The Book of the Dead Man (The Numbers) by Marvin Bell
1. The first part of the poem, called About the Dead Man and the Numbers gives the impression that the poem will be about the logistics of death, rather than the emotional, philosophical side. The first two lines of the poem, "The dead man makes space for himself the way a soccer player moves to the place to be next," links the dead man to the game of soccer, and the next three lines are explaining the flow of a game. How the dead man anticipates the future and is sometimes significant and sometimes irrelevant, and always a step ahead of the current action. Bell then goes on to say that the dead man, or his death, "stroke the embers of a failing thought" and inspire philosophical pondering of life and death. The poet who is doing the questioning asks, and the next six lines of the poem seem to almost be a response from the dead man.

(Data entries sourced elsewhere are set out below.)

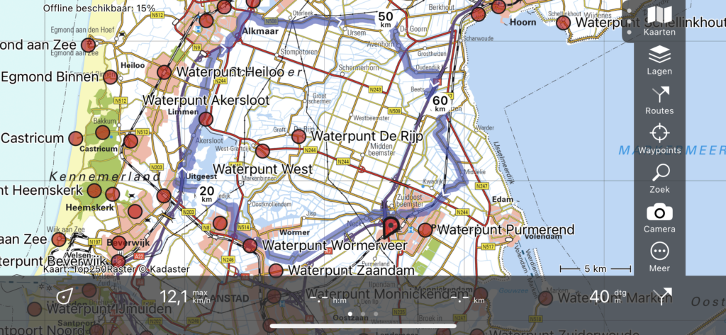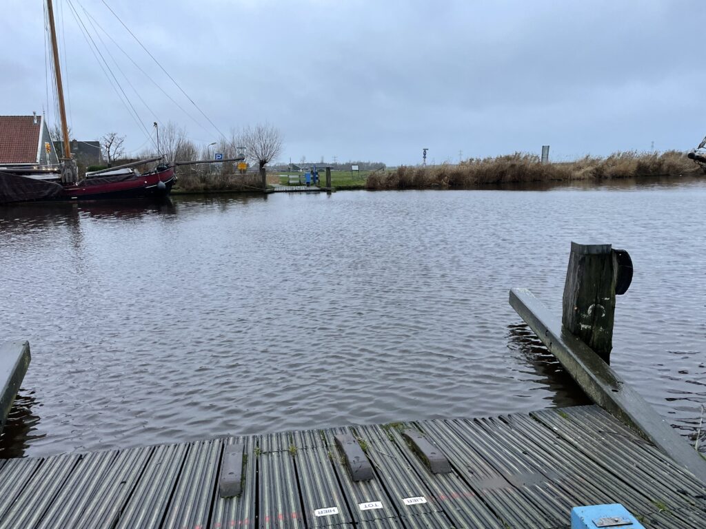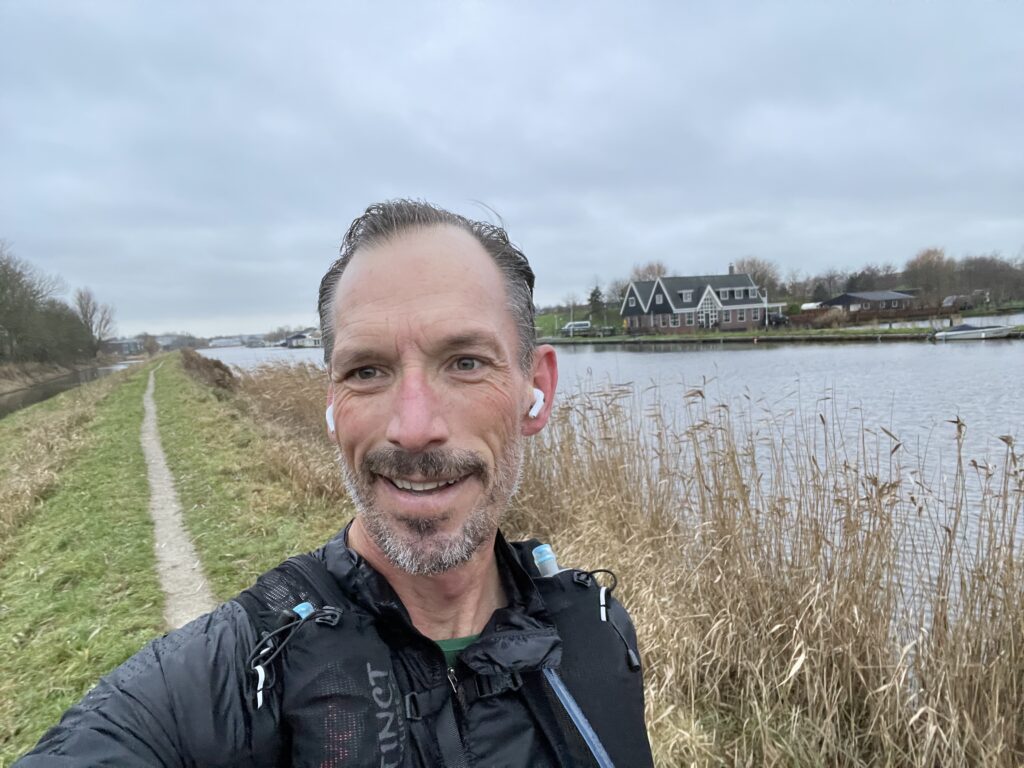 Ik nam 3,2 liter water met Tailwind mee (waterzak 2 liter en 2x 600ml flessen) en een stuk of 8 Chia Charge reepjes. Daar moest ik het wel mee redden, dacht ik. Even voor achten vertrok ik, waarbij ik navigeerde op m’n horloge. Na 2 km kwam ik al een bekende tegen, Richard Veenstra. Ik deed het lekker rustig aan en het navigeren ging goed. Bij Wormerveer moest ik over een onverhard wandelpad achter een industrieterrein en langs een kanaal lopen. Na een paar kilometer moest daar een pontje liggen waarmee je zelf kon overvaren, maar die lag er niet…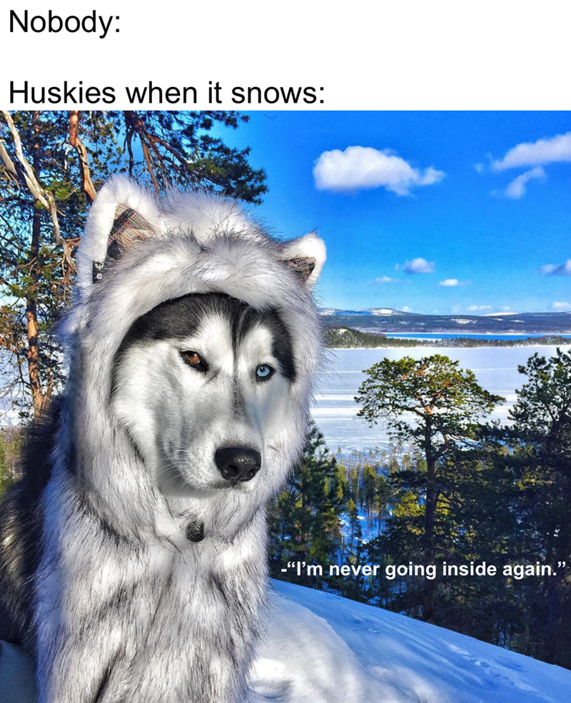 It's howlarious to be watch a husky in their element—the snow. They thrive there! It doesn't matter if they have been outside all day, they never want to go back inside when it snows. Their body and fur is designed to regulate their heat and keep them warm, so winter is their favorite time. Seriously, walk a husky when the snow is starting to melt and they WILL find the one hill of snow left and go for it. You won't be able to leave that area for the rest of the day, maybe even the night…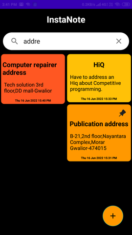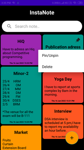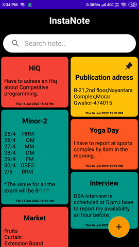 InstaNote Android application provides an easy to use interface to instantly create/fetch notes.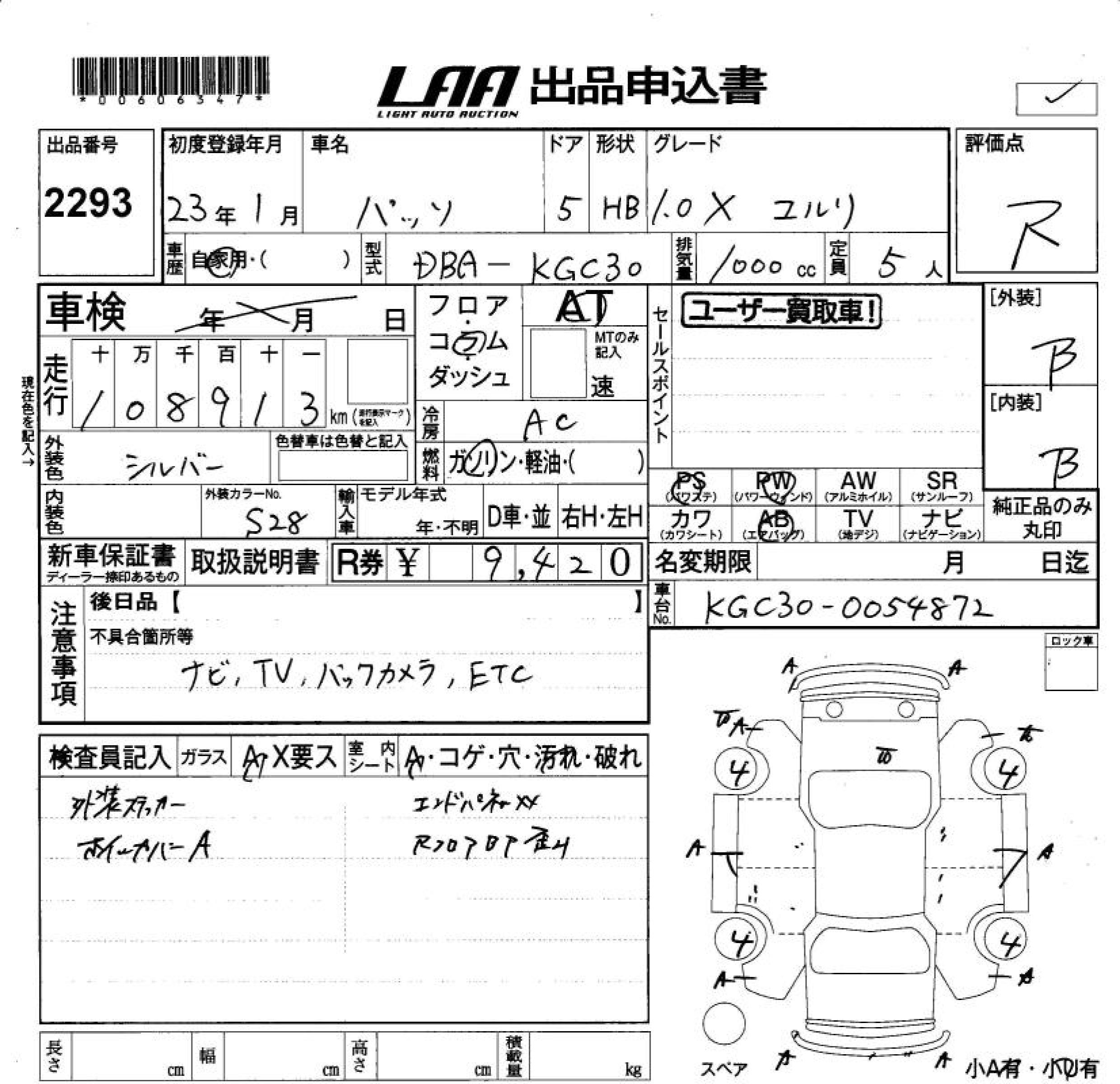 TOYOTA PASSO 1.0X YURURI - лот 2293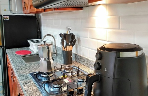 Our apartment, located on the second floor, is a comfortable, colorful place, with very good energy and a beautiful view of the countryside. It has two bedrooms, the main one has a bathroom, a double bed (160 x 190cm) and a double platform bed (140x180 cm) and TV, the other room has a double cabin (140x190 cm) and a platform bed (120 x 180 cm) and a large closet. It also has a living room, dining room, TV in the social area, fully equipped kitchen, social bathroom, clothing area with washing machine and balcony. We have soap, toilet paper. Likewise, we supply blankets, sheets and towels for body and hands.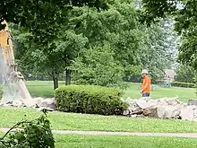 After 2017 public discussion around the monument, the Indy Parks and Recreation board passed a non-binding recommendation that the monument be removed, but the city never followed through on funding the proposed project or directing the monument's removal. The protective fencing was later removed. On June 4, 2020, after days of Black Lives Matter protests in Indianapolis and throughout the country after the murder of George Floyd, Mayor Joe Hogsett announced that the city was currently identifying the source of an estimated $50,000–$100,000 which would be required to dismantle the monument, which he said could happen within a week.[24] In his statement, Hogsett said that the city believed the monument belonged in a museum instead of its location in the public park, but that no organization stepped up to assume responsibility, and so "time is up."[25] The monument was dismantled and removed by city crews on the morning of June 8, 2020.[26] This monument was commissioned in 1912 by Greenlawn Cemetery and memorializes Confederate soldiers who died at Camp Morton, a Union prison camp. Efforts by public officials active in the Ku Klux Klan in 1928 lead to the monument's relocation to Garfield Park to make it more visible. A resolution to remove the monument passed the Indianapolis Parks Board in 2017, but was not funded. Mayor Joe Hogsett announced the monument would be removed from the park.[27][28][29]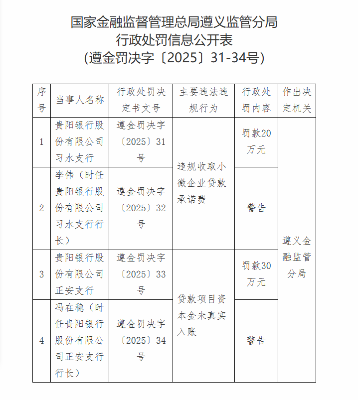公司监管处罚 - 贵阳银行习水支行因违规收取小微企业贷款承诺费被国家金融监督管理总局贵州监管局处以20万元罚款 时任该支行行长李伟被警告 [1] - 贵阳银行正安支行因贷款项目资本金未真实入账被处以30万元罚款 时任该支行行长冯在稳被警告 [1] 行业监管动态 - 国家金融监督管理总局地方监管局对银行机构在服务小微企业及贷款管理方面的违规行为进行查处并披露处罚结果 [1]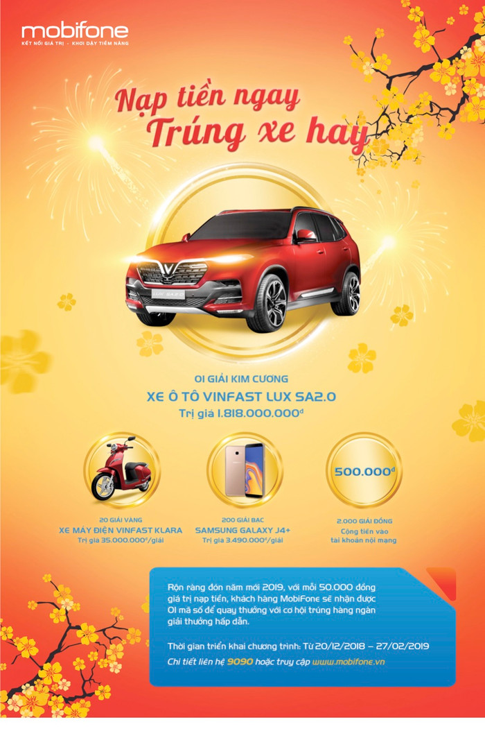 | Chương trình “Nạp tiền ngay trúng xe hay” của MobiFone áp dung từ 20/12/2018 đến 27/02/2019 với các giải thưởng như sau: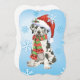 Celebrate the holiday season with a cute Great Dane puppy wearing a Santa hat and scarf amid snowflakes with the words, Happy Howlidays on the back! Great for Great Dane-loving family and friends.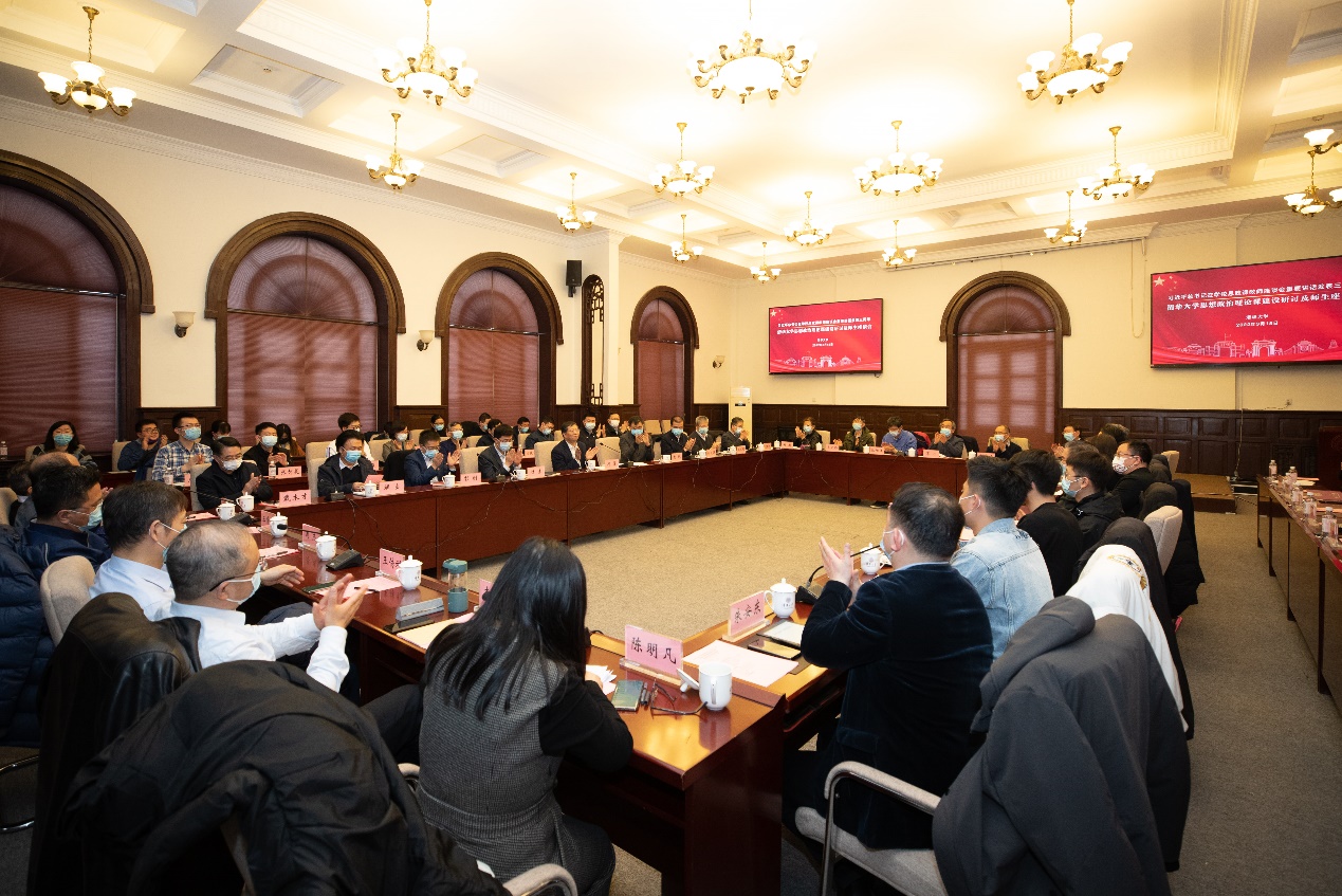 邱勇表示,三年来,学校党委认真贯彻落实总书记重要讲话精神,全面加强党对思想政治理论课建设的领导,强化思政课建设顶层设计与统筹协调,高质量开设“习近平新时代中国特色社会主义思想概论”课程,推进慕课建设与课堂教学改革创新,加强师资队伍和学科平台建设,不断完善思政课教学体系,丰富教学内容与形式,推动党的创新理论进教材、进课堂、进头脑,努力培养德智体美劳全面发展的社会主义建设者和接班人,形成了立德树人的生动实践。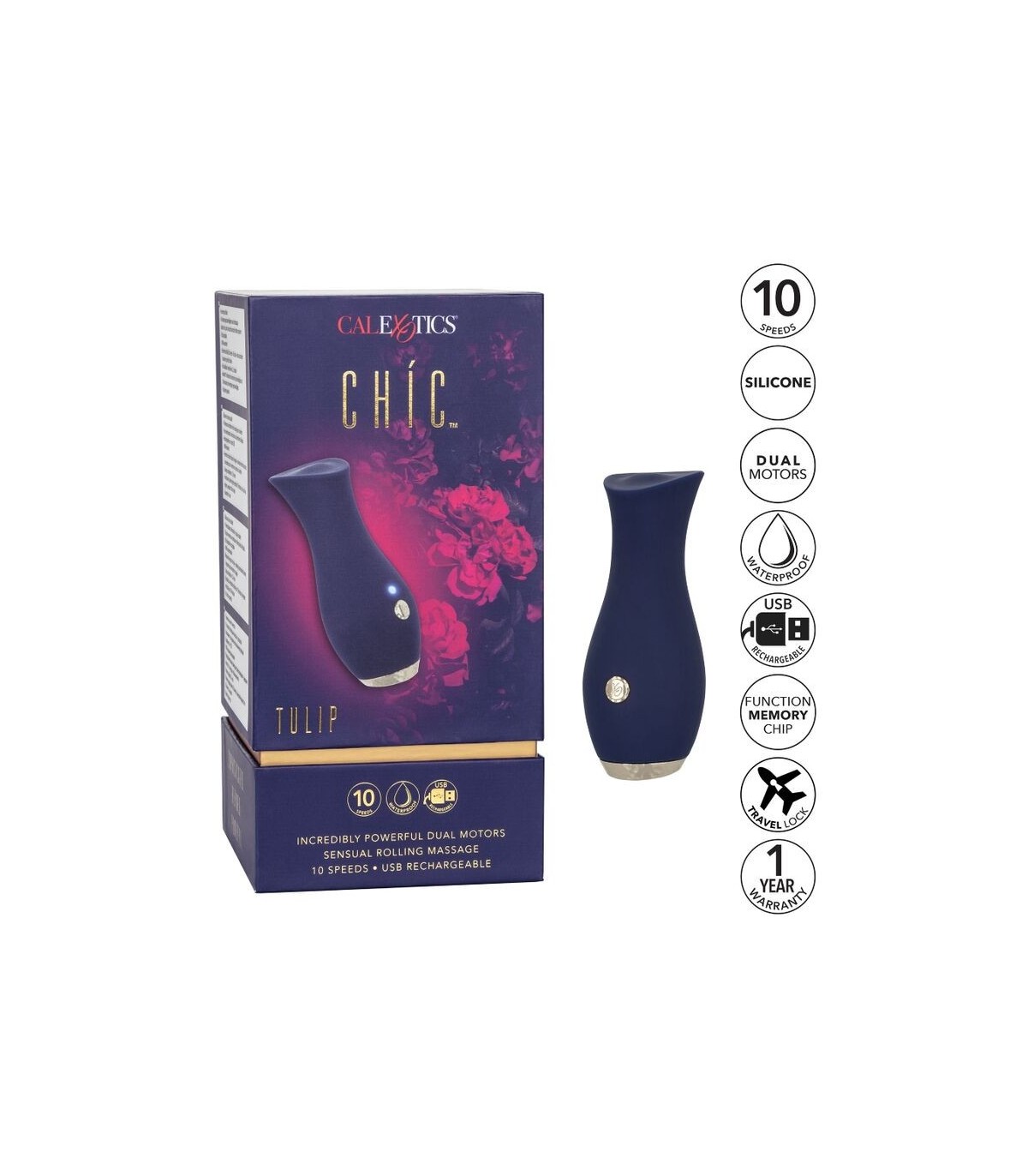 Cuando un motor no es suficiente, el Chíc Tulip lleva la precisión a la perfección. Disfruta de un poderoso masaje rodante en cualquier parte de tu cuerpo o úsalo en tu pareja para sensaciones de siguiente nivel. El Tulip también es resistente al agua, proporcionando un masaje húmedo y salvaje en cualquier lugar que desee.

They all express a sense of abstraction, "a resonance to wrap one's mind around" except for the very last line which says that "It's what you do facing the guns" which is a mater of fact answer to the question "what it is to live as if one were already dead." It is also the first time where "you" is used this opens a direct line of communication with the reader.
2. In Part two entitled More about the Dead Man and Numbers the very first line draws the reader in with a "we". The next few lines explore the disconnected nature between the dead man and his body and time. It describes his "way of making the ephemeral last," creating long scenes on small moments while all the living in the world are struggling to get a first row seat. This is perhaps a comment on the inevitability of death. The importance of death is further emphisized in the line, "The preacher offering a future world, the historian waxing nostalgic, and the dead man underwriting them is what it takes." Here Bell shows how it is death that motivates the living and questions what it is like to be the dead man "among shifting loyalties?". He concludes that it means living in the remnants of the present, accepting that you are going to die, and "finding space for when it will matter".
This poem is effective because of the parallel structure it creates between the first and second part and the evolution of the poem over the course of these sections from broad and categorical to personal and individual.
I admire your ambition in taking this on--I find it pretty rough going myself. I like the way you move through the poem line by line, part by part, trying to create/find some sense of linear progression. I do wish you had done a bit more of what you do at the end, where you try to draw some larger conclusions about how the poem works--I would have liked to hear you say more about this movement from broad to personal and about what you see as the parallel movements of the two sections. That being said, good work.